An unexpected result is that exponential loss decay in some regimes does not necessarily imply lazy learning; the theory explains such behavior in networks initialized directly on invariant manifolds of appropriate width.

Relation to Inductive Bias, Simplicity, and Generalization

The dynamical simplicity bias described here complements but is distinct from the stationary simplicity bias (the tendency for random weights or final training solutions to be simple due to high-volume occupation in parameter space—see [Mingard et al., 2025]). The dynamical variant is process-dependent, governed by initialization, architecture, and data, leading to evolutionary recruitment of network expressivity. This bias is sometimes beneficial (favoring generalizable or sparse solutions), though may also impede optimization or generalization when more complex feature representation is requisite ([Shah et al., 2020], [Petrini et al., 2022]).

Furthermore, distinguishing distributed (polysemantic) from localized (monosemantic) feature learning is possible via the types of invariant manifolds and transition mechanisms the framework identifies.

Broader Theoretical and Practical Implications

The framework advances understanding of incremental learning dynamics, subsuming earlier results for individual architectures into a unified theory. It predicts when plateaued, stage-like learning should occur and provides diagnostic tools for assessing the effective width and complexity of solutions at each training phase.

The implications extend to the design of architectures and initialization schemes for improved sample efficiency, feature learning, and optimization stability. The underlying permutation symmetry exploited may also generalize to recurrent architectures, unsupervised learning, and alternative training rules.

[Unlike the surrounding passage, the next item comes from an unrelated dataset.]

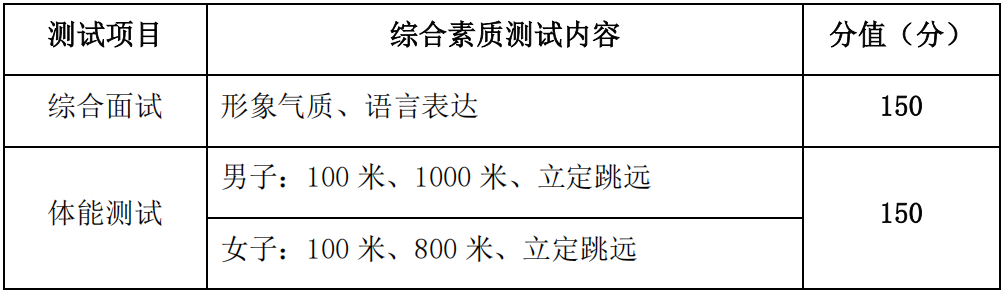 (一)綜合素質測試流程為先綜合面試,后體能測試。綜合面試、體能測試均設置合格分,達不到合格分的予以淘汰。

Open questions concern the exhaustiveness of the classes of invariant manifolds and fixed points described, the Markovianity of saddle transitions, and the identification of new mechanisms in other architectures or learning regimes.

Conclusion

The paper presents a unified theoretical account for why gradient descent drives neural networks toward increasingly complex solutions via saddle-to-saddle transitions. By grounding simplicity bias in the geometry of loss landscapes—embedded fixed points and invariant manifolds—it enables precise prediction and control of learning dynamics across a range of neural architectures. The distinction between mechanisms for linear versus nonlinear architectures highlights the dependency on activation properties, data spectra, and initialization. The results suggest practical guidelines for architecture and training protocol design, and open rich avenues for further investigation into learning dynamics, representation formation, and inductive bias in deep learning.